Savannah is one of the magical cities of the South dripping in history, charm and hospitality. Known as “The Hostess City of the South” its people are known to be friendly and welcoming. I first visited Savannah in my teens and knew I would be back many times in my life. Every few years I try to find time to make the trip down to Savannah with a stop along the way one of my other favorite Southern cities, Charleston, SC.
Savannah is a town that requires a long walk. To notice all the architectural details and catch a glimpse into the secret gardens behind people’s iron gates, you must be on foot.

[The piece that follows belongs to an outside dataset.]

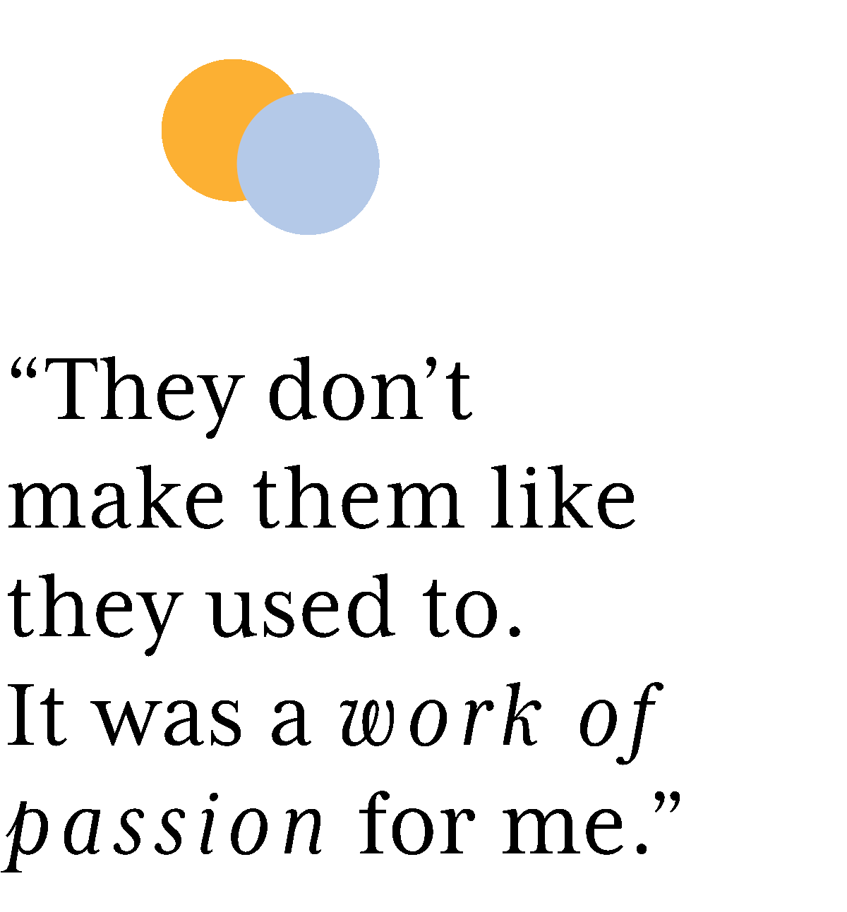 “Everything now is done fast and cheap,” he says. “It’s harder to renovate than build new—nothing’s square, nothing’s plumb. But they don’t make them like they used to. It was a work of passion for me.”

The historic district in particular is compact enough to enjoy an afternoon strolling adventure. Forsyth Park occupies 30 acres in the historic district and highlights a beautiful fountain and unique Fragrant Garden for the blind. The historic district is popular for its many squares, 22 in total, that divide the streets and create space for large trees, sculptures, places of rest and water elements. The streets weave around these squares every few blocks, requiring people to slow their pace to the rhythm of the city.
The city sits on the Savannah River and the cobblestoned riverfront area is a must see. In the 1800s the Port of Savannah was one of the busiest in the United States. The port’s popularity declined rapidly after a lengthy Union blockade during the Civil War. In 1864 General Sherman telegraphed President Lincoln, presenting him “as a Christmas gift, the City of Savannah with 150 heavy guns and plenty of ammunition; and also about 25,000 bales of cotton.”
Tybee Island, just off the coast, is a popular beach spot that offers quaint overnight rentals off the beaten path. Take a detour to Bonaventure Cemetery, made popular in the book and movie Midnight in the Garden of Good and Evil, on your way to Tybee Island.